What we see is the broker is up:
./zbctl --address 0.0.0.0:26500 --insecure status
Cluster size: 1
Partitions count: 1
Replication factor: 1
Gateway version: 0.25.3
Brokers:
Broker 0 - 10.0.0.111:26501
Version: 0.25.3
Partition 1 : Leader
We also see we can start a new workflow instance:
./zbctl --address 0.0.0.0:26500 --insecure create instance demoProcess
{
"workflowKey": 2251799813685877,
"bpmnProcessId": "demoProcess",
"version": 1,
"workflowInstanceKey": 2251799818453600
}
The broker is throwing a continious errors:
2021-02-12 11:24:47.521 [Broker-0-Exporter-1] [Broker-0-zb-fs-workers-1] ERROR io.zeebe.util.retry.EndlessRetryStrategy - Catched exception class java.lang.IllegalArgumentException with message invalid offset: -17568, will retry... java.lang.IllegalArgumentException: invalid offset: -17568 at org.agrona.concurrent.UnsafeBuffer.boundsCheckWrap(UnsafeBuffer.java:1702) ~[agrona-1.8.0.jar:1.8.0] at org.agrona.concurrent.UnsafeBuffer.wrap(UnsafeBuffer.java:256) ~[agrona-1.8.0.jar:1.8.0] at io.zeebe.msgpack.spec.MsgPackReader.wrap(MsgPackReader.java:49) ~[zeebe-msgpack-core-0.25.3.jar:0.25.3] at io.zeebe.msgpack.UnpackedObject.wrap(UnpackedObject.java:29) ~[zeebe-msgpack-value-0.25.3.jar:0.25.3] at io.zeebe.logstreams.impl.log.LoggedEventImpl.readValue(LoggedEventImpl.java:135) ~[zeebe-logstreams-0.25.3.jar:0.25.3] at io.zeebe.engine.processing.streamprocessor.RecordValues.readRecordValue(RecordValues.java:35) ~[zeebe-workflow-engine-0.25.3.jar:0.25.3] at io.zeebe.broker.exporter.stream.ExporterDirector$RecordExporter.wrap(ExporterDirector.java:328) ~[zeebe-broker-0.25.3.jar:0.25.3] at io.zeebe.broker.exporter.stream.ExporterDirector.lambda$exportEvent$6(ExporterDirector.java:253) ~[zeebe-broker-0.25.3.jar:0.25.3] at io.zeebe.util.retry.ActorRetryMechanism.run(ActorRetryMechanism.java:36) ~[zeebe-util-0.25.3.jar:0.25.3] at io.zeebe.util.retry.EndlessRetryStrategy.run(EndlessRetryStrategy.java:50) ~[zeebe-util-0.25.3.jar:0.25.3] at io.zeebe.util.sched.ActorJob.invoke(ActorJob.java:73) [zeebe-util-0.25.3.jar:0.25.3] at io.zeebe.util.sched.ActorJob.execute(ActorJob.java:39) [zeebe-util-0.25.3.jar:0.25.3] at io.zeebe.util.sched.ActorTask.execute(ActorTask.java:122) [zeebe-util-0.25.3.jar:0.25.3] at io.zeebe.util.sched.ActorThread.executeCurrentTask(ActorThread.java:94) [zeebe-util-0.25.3.jar:0.25.3] at io.zeebe.util.sched.ActorThread.doWork(ActorThread.java:78) [zeebe-util-0.25.3.jar:0.25.3] at io.zeebe.util.sched.ActorThread.run(ActorThread.java:191) [zeebe-util-0.25.3.jar:0.25.3]

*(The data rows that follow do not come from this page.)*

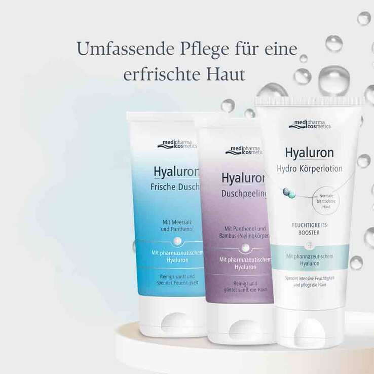 Die Hyaluron Frische Dusche bereitet die Haut optimal auf die anschließende Pflege vor. In Kombination mit der Hyaluron Hydro Körperlotion entsteht eine harmonische Pflegeroutine, die die Haut nach dem Duschen intensiv mit Feuchtigkeit versorgt und für ein langanhaltend geschmeidiges Hautgefühl sorgt.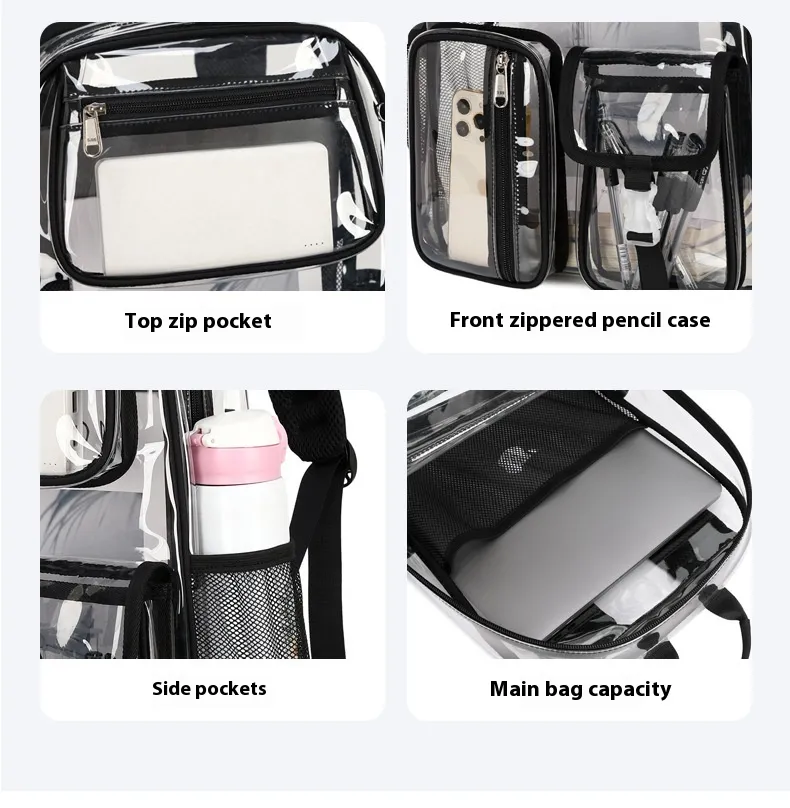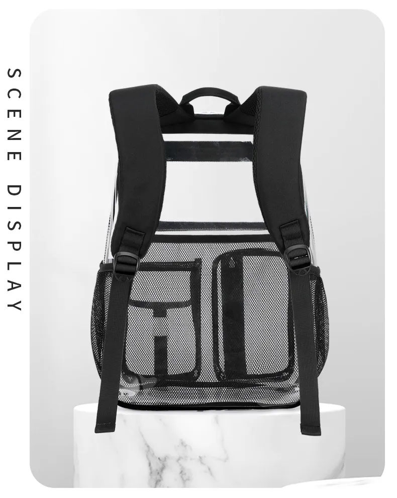 Take It Anywhere: Use your transparent backpack for school, travel, or events. Whether you’re headed to class or a concert,
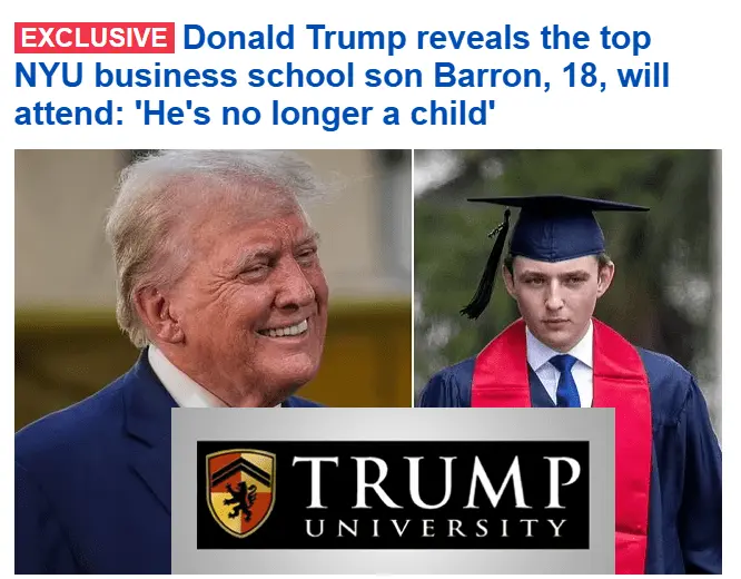 Trump's Son is set to reap the huge benefits of studying at his Dad's highly respected and reputable education institution.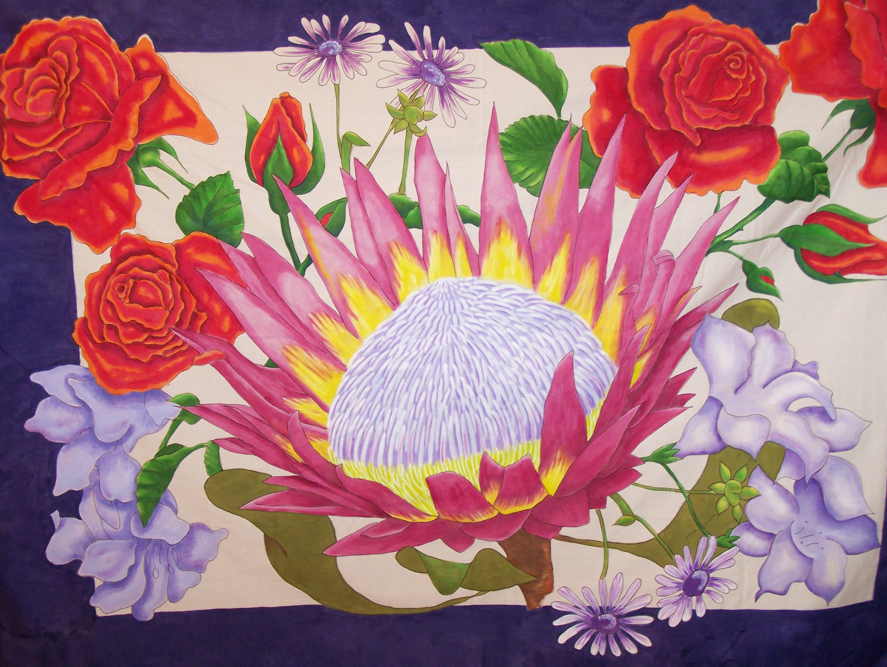 What did I study? Nothing relating to art and design in any way shape or form. I picked a 'career' in stead. As this blog is about fulfilling my dreams to be a textile designer, I will not mention my 'day job' here. Somehow, whilst at uni though, I remember spending hours on my bedroom floor, painting canvasses, missing the odd boring class (man, how did I not catch on?!) and eventually designing and painting T-shirts. This ended up a great move because, students started to stop me on campus and placed orders with me, word of mouth spread and it quickly became a great way to help to pay for my studies. Still, did not catch on.

Hazelcast from logs is not reporting any issues:
2021-02-12 12:04:45,474 [ INFO] [hz.happy_fermi.HealthMonitor] [c.h.i.d.HealthMonitor]: [hazelcast1]:5701 [dev] [4.1] processors=4, physical.memory.total=15.6G, physical.memory.free=346.5M, swap.space.total=0, swap.space.free=0, heap.memory.used=60.9M, heap.memory.free=242.1M, heap.memory.total=303.0M, heap.memory.max=11.1G, heap.memory.used/total=20.10%, heap.memory.used/max=0.54%, minor.gc.count=5, minor.gc.time=67ms, major.gc.count=2, major.gc.time=110ms, load.process=0.00%, load.system=0.00%, load.systemAverage=4.37, thread.count=52, thread.peakCount=56, cluster.timeDiff=0, event.q.size=0, executor.q.async.size=0, executor.q.client.size=0, executor.q.client.query.size=0, executor.q.client.blocking.size=0, executor.q.query.size=0, executor.q.scheduled.size=0, executor.q.io.size=0, executor.q.system.size=0, executor.q.operations.size=0, executor.q.priorityOperation.size=0, operations.completed.count=125, executor.q.mapLoad.size=0, executor.q.mapLoadAllKeys.size=0, executor.q.cluster.size=0, executor.q.response.size=0, operations.running.count=0, operations.pending.invocations.percentage=0.00%, operations.pending.invocations.count=0, proxy.count=1, clientEndpoint.count=2, connection.active.count=2, client.connection.count=0, connection.count=0
How to move forward from here?
Deleting the whoe raft partition data will probably fix the issue for now, but it will cause issues for active workflow instances.
Broker version: 0.25.3
Any suggestions how to troubleshoot further?